Variant discovery in aneuploid organisms
I am working with a set of samples at the moment which have the following problems:
1) The organism is aneuploid
2) Ploidy for individual chromosomes varies between samples (we have a script that estimates this from the coverage so we can use this information to improve variant calling)
3) Coverage is thin (sequencing was done on a student's budget)
I am using the UnifiedGenotyper for variant discovery as it can account for aneuploidy.
I initially tried calling variants for each sample, grouping chromosomes by ploidy (i.e, for sample 1 I call all the diploid chromosomes, then all the triploid chromosomes etc). I also tried doing multi-sample variant calling across all the samples, setting the ploidy to 2 (The modal chromosome number is 2). Comparison of these two analyses shows that each is missing good SNPs that are called by the other. Multi-sample analyses is missing or mis-calling SNPs on aneuploid chromosomes, and individual analysis is missing SNPs in individual samples due to thin coverage (or more accurately, they are being called, but failing QD or quality filters due to thin coverage - these SNPs pass these filters in the multi-sample analysis).

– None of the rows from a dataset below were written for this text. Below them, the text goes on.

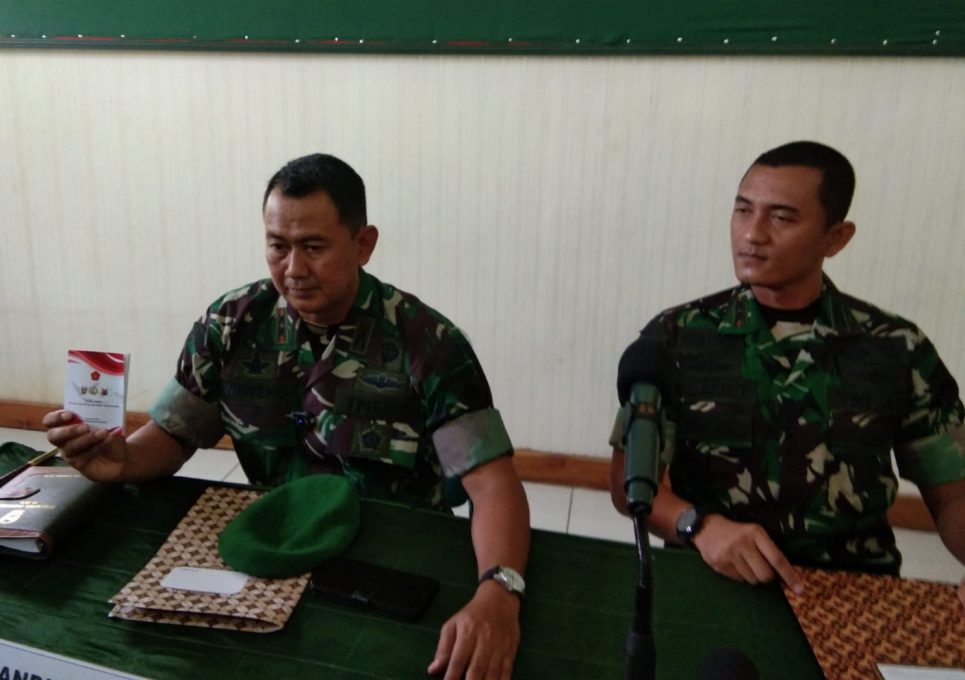 Komandan Kodim 0724/ Byl Letkol Inf Wiweko Wulang Wiwoho bersama Komandan Batalyon Infanteri Raider 408/SBH Kompi Senapan B Boyolali l Letkol Inf Slamet Hardianto memberikan keterangan pers di Makodim Boyolali (yull/Fokusjateng.com)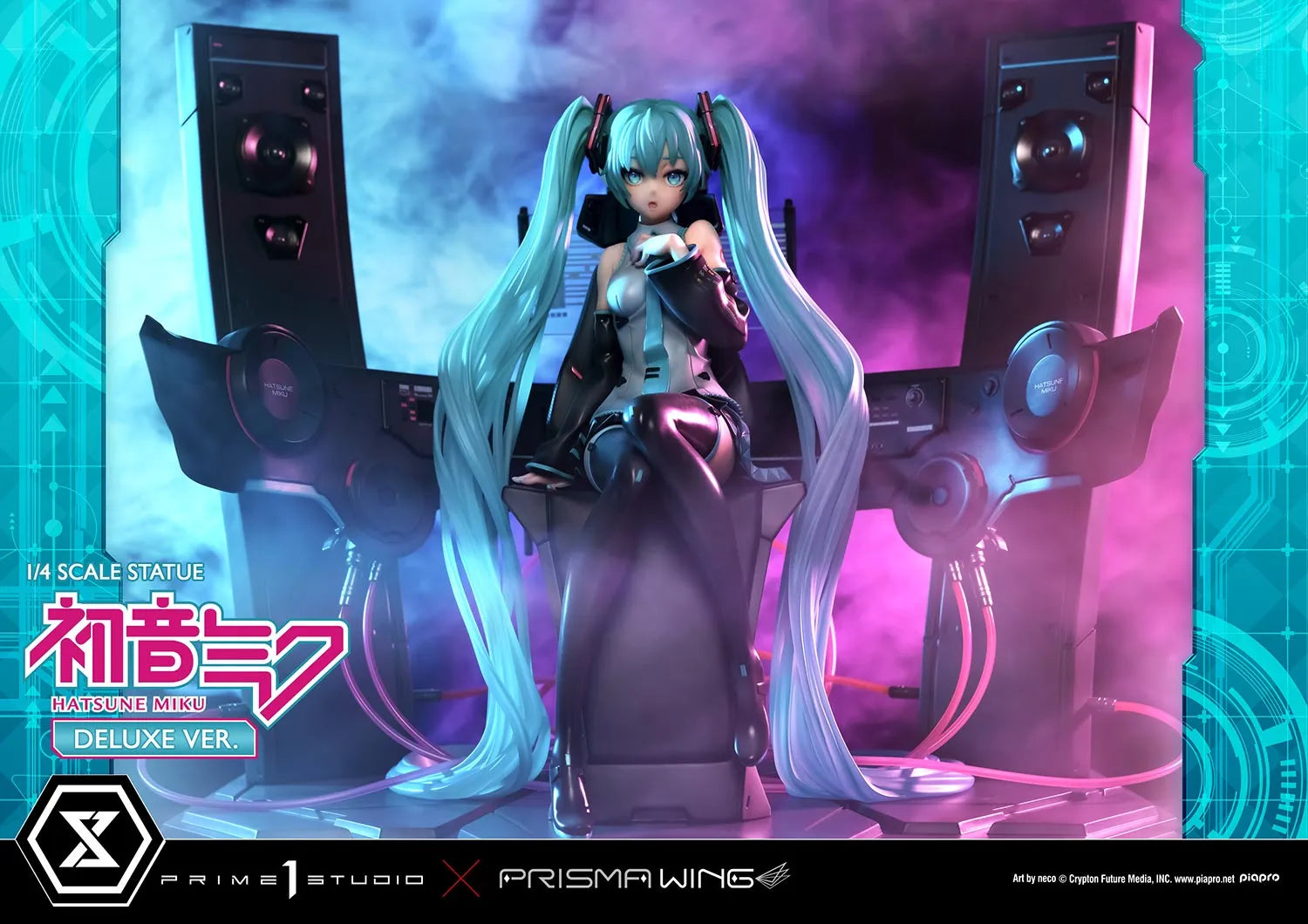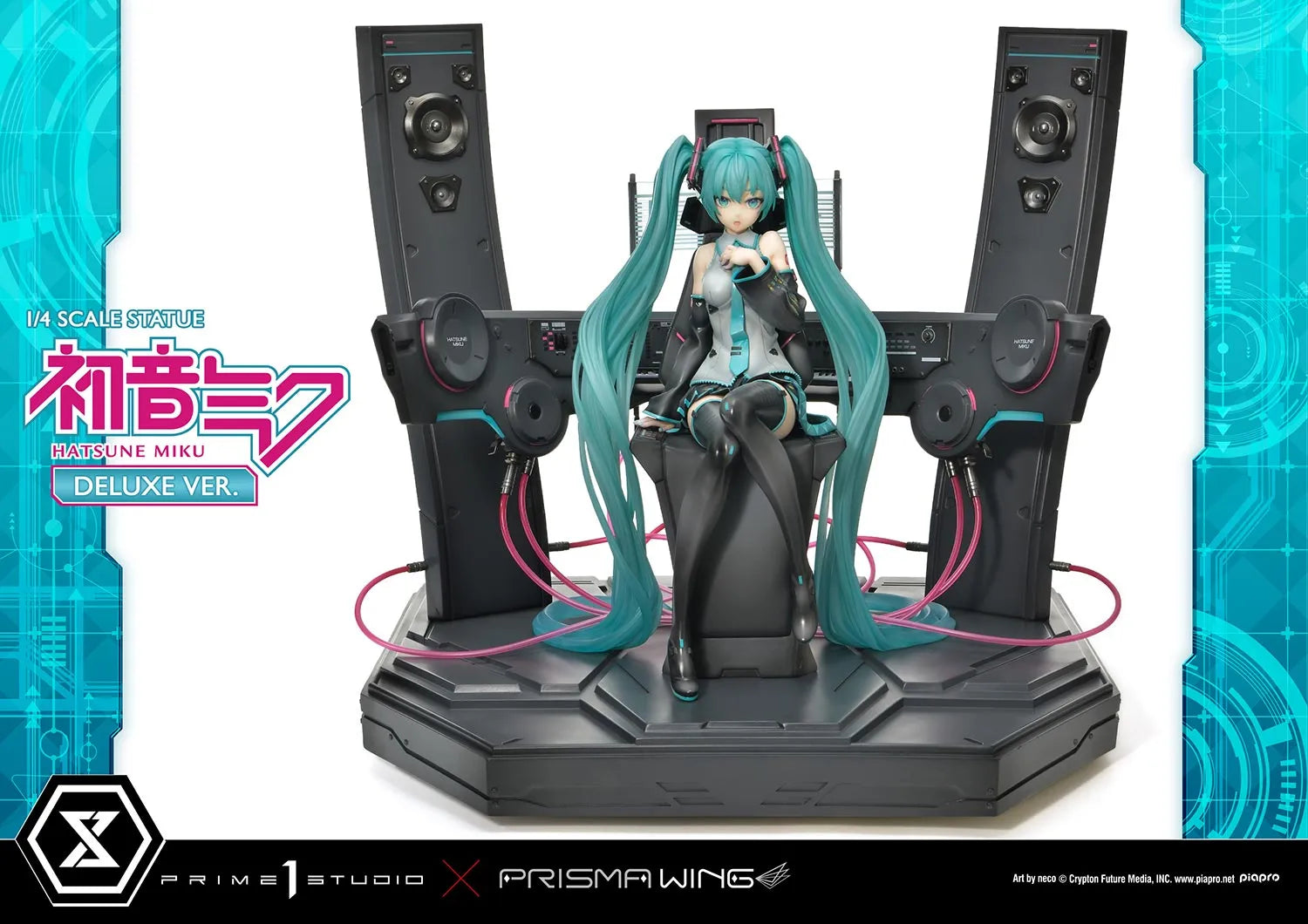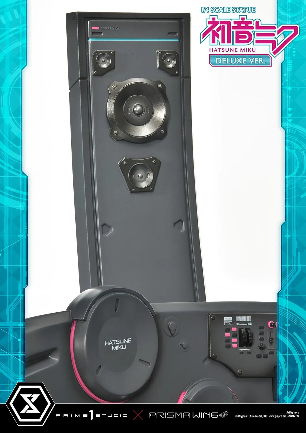 A versão Deluxe dessa representação da cantora também conta com uma base especializada em formato de sintetizador. Isso inclui um teclado de 88 teclas, um monitor transparente com falas gravadas, além de 2 impressionantes alto-falantes. Os detalhes requintados esculpidos em polystone fazem referência a muitas de suas músicas mais famosas. Esta peça faz um grande uso de simetria estilosa, presente na criação das tranças gêmeas de Miku enquanto ela se senta no centro da peça, assim como os 2 grandes alto-falantes e cabos rosa. Uma vez que você compra esta estátua, pode desfrutar plenamente de cada detalhe refinado deste design ao máximo.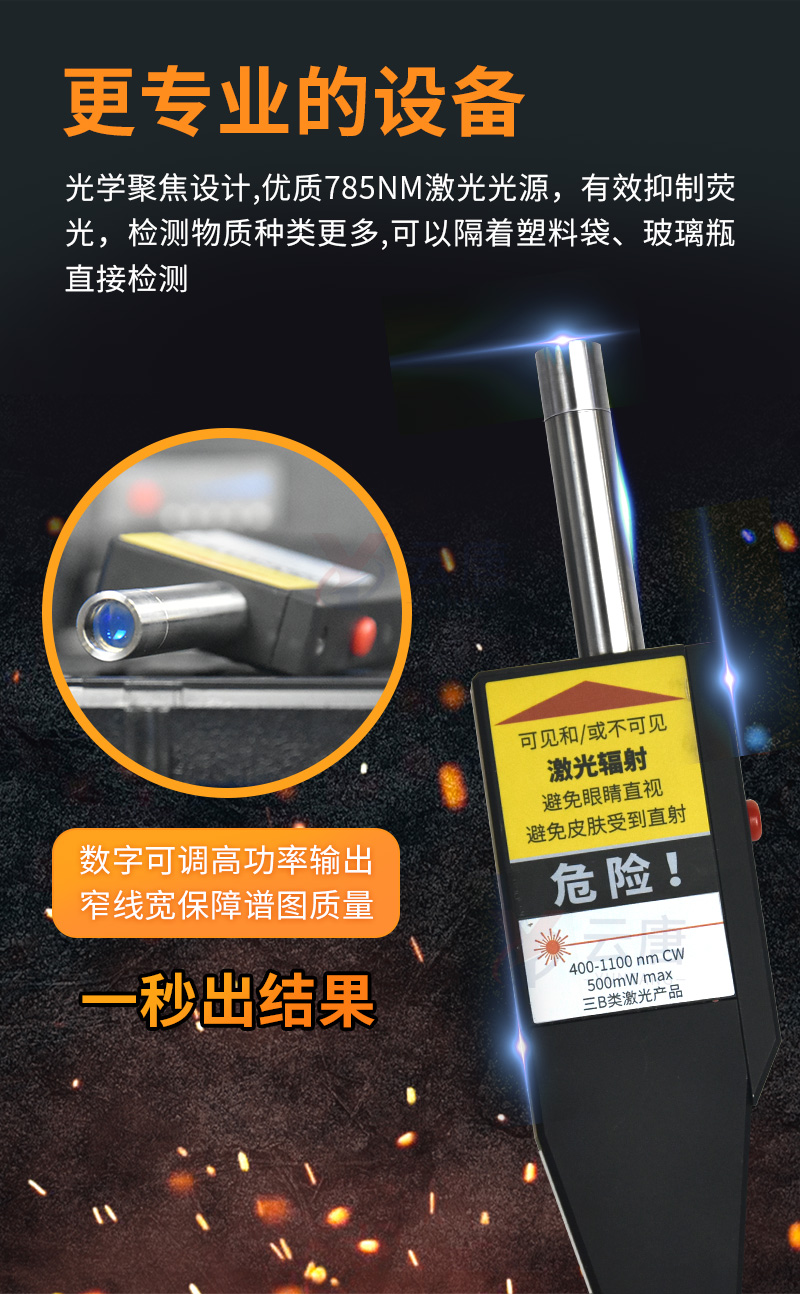 光學(xué)聚焦設(shè)計(jì):可以隔著塑料袋、玻璃瓶直接檢測(cè)

I am thinking of trying to combine these approaches. The idea is to analyse each chromosome separately. For each chromosome, I would do a multi-sample call on all the samples which are diploid and a multi-sample call on all the samples which are triploid etc etc. I am hoping that this will give me the best of the two approaches above.
So my questions are:
1) Does this strategy makes sense? Is there any reason not to do it this way?
2) How should I proceed downstream? I know I will have to hard-filter regardless. Can I merge all my vcf files before filtering and annotation, or is there a reason to keep them separate?
Any input from the GATK team or the wider community is appreciated!